Forse anche troppo, visto che l'economia nel mese di ottobre ha mostrato un dato molto debole nella creazione di posti di lavoro. Hanno pesato però fattori esogeni, mette in evidenza Gero Jung, chief economist di Mirabaud Asset Management, tra cui gli scioperi alla Boeing e gli uragani che hanno colpito soprattutto i settori del manifatturiero, del tempo libero e dell’ospitalità. Da notare che le buste paga del privato di ottobre hanno subito un notevole rallentamento: un calo di 28mila dollari il mese scorso, la prima riduzione dalla fine del 2020.
Con Trump alla Casa Bianca, il rischio più grande, scrive Laura Cooper, head of macro credit and global investment strategist di Nuveen, «è che la Fed sia costretta ad assumere un orientamento più falco a fronte di un impulso più forte alla crescita e, di conseguenza, il riprezzamento dei differenziali dei tassi a termine potrebbe rafforzare in maniera significativa il dollaro, con le altre principali banche centrali che invece continuano ad allentare la politica monetaria».

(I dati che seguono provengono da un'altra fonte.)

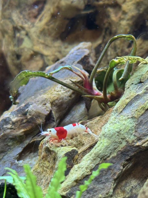 J’ai un bac communautaire de 250L en sol technique + eau osmosée avec Crystal Red + cardinalis + otocinclus et j’ai une femelle CRS grainée.

Nel breve periodo, cioè fino a fine 2024, non sono però attesi impatti dalla ri-elezione di Donald Trump a presidente degli Stati Uniti, secondo il money manager di IG Italia.
Se poi però dall’insediamento di fine gennaio, il tycoon dovesse mantenere «le promesse fatte in campagna elettorale con una politica fiscale ultra-espansiva e una politica commerciale protezionistica con l’introduzione di nuovi dazi» verrebbero nuovamente alimentate le pressioni inflazionistiche, complicando il lavoro della Fed che potrebbero essere meno dovish rispetto a quello che prevede il mercato. Non possiamo inoltre escludere che Trump – come già successo durante la sua amministrazione 2017-20 – possa fare pressioni sulla Federal Reserve per avere tassi di interesse molto bassi» conclude Diodovich. (riproduzione riservata)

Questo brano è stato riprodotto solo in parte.